From Winamop.com

Meeting for Lunch
by Martin Green


 

Regrets

I read somewhere that writers shouldn’t start a story with a dream. This normally wouldn’t concern me as I almost never remember my dreams. Still, I had this one just before awakening and it was still vivid in my mind. In the dream I was a young man, not the old geezer I am now. I was sitting in a restaurant waiting for a girl to join me for lunch. Then I woke up and I was disappointed. I had wanted the dream to continue. I recalled Julie Landis, who was the girl I was most involved with during my younger days in San Francisco. She was very attractive, tall, tanned, blonde; what I, coming from New York, then thought of as the typical California girl, although she was from Minnesota. We were both in the advertising business, the ad game, I being a lowly researcher and she a media buyer, which is how we’d met.

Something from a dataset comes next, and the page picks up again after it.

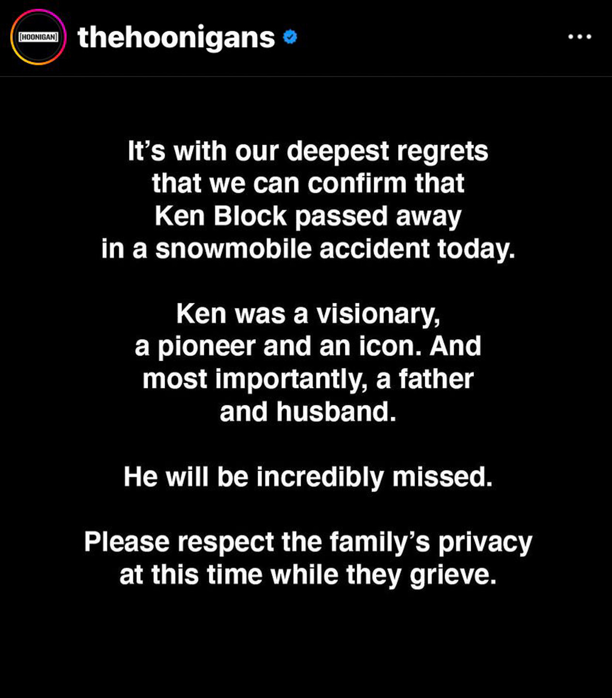 "It's with our deepest regrets that we can confirm that Ken Block passed away in a snowmobile accident today," said Hoonigan. "Ken was a visionary, a pioneer, an icon. And most importantly, a father and a husband".

Our lunches were rare and she was invariably late, she was always coming from a meeting. When she did arrive at the restaurant every man there turned to look at her, the maitre ‘de jumped to attention and led her to my table and the waiter, who’d been ignoring me, immediately came over to serve us. On my part, as soon as I saw her, my breath became uneven, my heart began racing and I did my best to compose myself. I don’t know what would have happened if my dream had continued. I did know that the feeling of expectation I had at that time of my life was unlikely ever to occur again. So I was disappointed.

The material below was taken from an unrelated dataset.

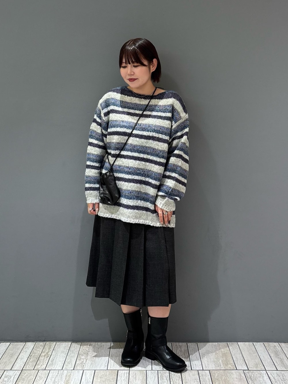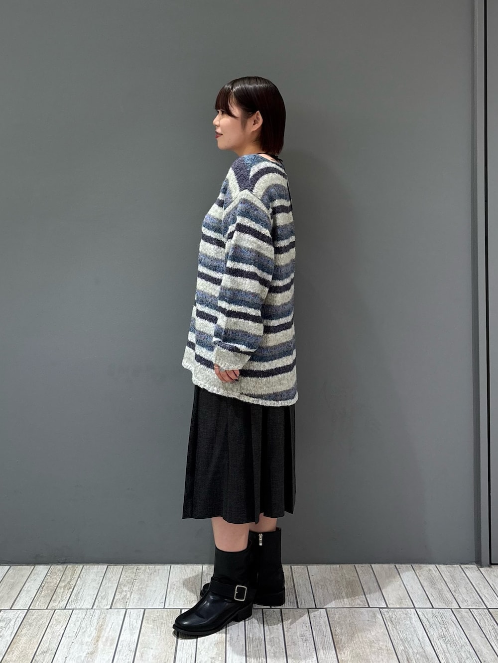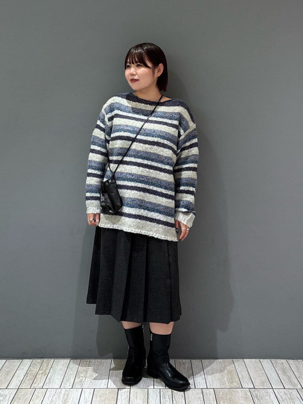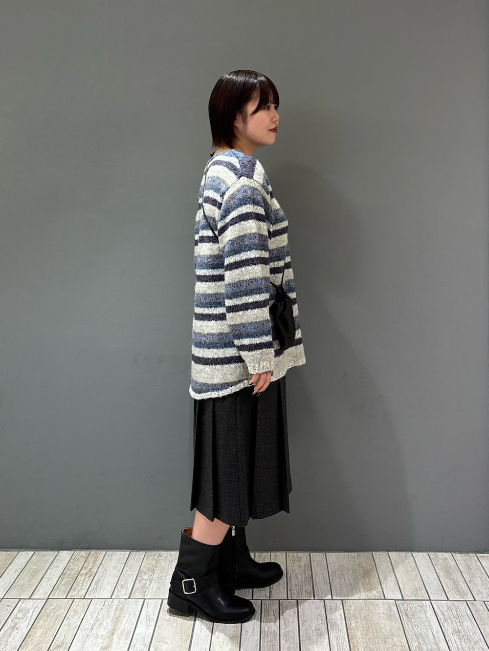 骨格ストレートさんがオーバーサイズのニットを着るなら、フレアデニムやショートパンツ×ブーツなどスッキリしたアイテムの組み合わせだったり、ベルトでウエストマークしたりと骨格ストレートさんの強みを出すと着膨れ感も抑えながらオシャレを楽しめますよ🫶🏻私はBLUEをリアルバイ!!

I had recently had hip replacement surgery, my years of tennis playing catching up with me. I’d struggled with the pain for almost two years until the surgeon had an x-ray taken and told me I was bone on bone so there seemed to be no alternative. My wife (not Julie Landis) and I lived in a Northern California retirement community just outside of the state capital, Sacramento. The weeks after the surgery were not pleasant. I had to take a lot of pain killers and this may have made my dreams more vivid than usual. The pain killers, according to the warnings, could also cause hallucinations, and I may have had a few of these. I know that one afternoon when I was laying in bed I suddenly saw myself on the tennis court. It was bright sunlight and I was wearing tennis shorts. I looked down at my legs and they were fine. I could run.

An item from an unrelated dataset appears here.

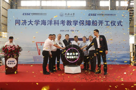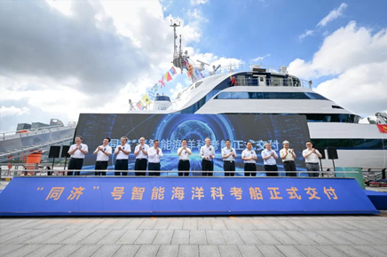 “5、4、3、2、1,启动!”今天(7月13日),上海北外滩国际客运中心码头,随着推杆落下,我国自主设计、建造的同济大学2000吨级智能海洋科考船“同济”号交付,这也是我国首艘海洋级智能综合科考船。交付后,“同济”号即将扬帆启航,在东海和南海辽阔海域开展多学科综合科考,承担“国家海底科学观测网”大科学工程运行维护等重要任务,同时成为学生海上实习的移动课堂。上海市发展改革委副主任裘文进,上海市教委副主任赵震,上海市科委副主任屈炜,上海市海洋局副局长金宏松,中国船舶集团黄埔文冲船舶有限公司董事长罗兵,同济大学党委书记、中国工程院院士郑庆华出席“同济”号交船仪式并分别致辞。同济大学原党委书记方守恩、陈大可院士、宋君强院士、王军成院士、翦知湣院士、中国舰船研究设计中心副所长李维林、中国船级社副总裁张庆文、中船704研究所所长助理陈次祥、天海融合防务装备技术股份有限公司总工程师寻正来、南方海洋科学与工程广东省实验室(珠海)首席工程师周宁、中国科学院海洋研究所所长王凡、自然资源部第二海洋研究所所长方银霞、上海工程技术大学校长娄永琪、崂山实验室副主任吴能友、中国极地研究中心副主任魏福海、中国科学院深

Several weeks later, I happened to have lunch with my wife Ellen. After the hip replacement surgery, I had to have physical therapy. I had a morning appointment with the physical therapist. My Health Maintenance Organization was 15 minutes away from our shopping mall, which contained a nice restaurant where we had a coupon for a two-for-one meal. I asked Ellen if she wanted to meet me there. No use wasting that two-for-one coupon. She had nothing on so we arranged to meet in the restaurant at one. The physical therapist gave me a few new exercises to do and said I seemed to be coming along okay. I asked how long I had to do my exercises and he said “Forever,” which seemed a pretty long time. We finished pretty quickly so I reached the restaurant early and took a table where I could see Ellen coming in and studied the menu.

Yes, as the reader expects, I recalled that dream about waiting for someone for a lunch date and the thoughts I’d had after it. Unlike Julie Landis, Ellen was always punctual; she arrived at one. I waved to her and she came over to my table. No change in my breathing or heart rate. It wasn’t that I wasn’t glad to see Ellen, and the thought did occur that at my time of life I’d rather be meeting her than someone like Julie. During my recovery, she’d been a great caretaker. I couldn’t imagine Julie in that role. We ordered lunch and I told her about my physical therapy. We discussed the possibility of going on a cruise later that year. I said we should hold off for awhile and see how my walking was progressing. If I could make it from our cabin to the dining room and from there to the theater we could probably go.

After lunch, Ellen decided she’d do some shopping at the mall. I decided I’d go home. I checked the mail, the usual bills and requests for donations. No phone messages. I briefly considered doing the new exercises the physical therapist had given me, but I didn’t feel like it. Since my surgery, even little outings like going to the HMO and then to lunch still left me tired out. I had a half-finished short story on my computer but I didn’t feel like doing that either. I sat in my recliner and turned on the TV to see what horrible things had happened during the day. But I didn’t really watch. Once again I thought of my lunch dream and of running on the tennis courts. A lot of things in my life were over. I knew I should be satisfied with the way things were, but I couldn’t help it. All I could feel at that particular time were regrets.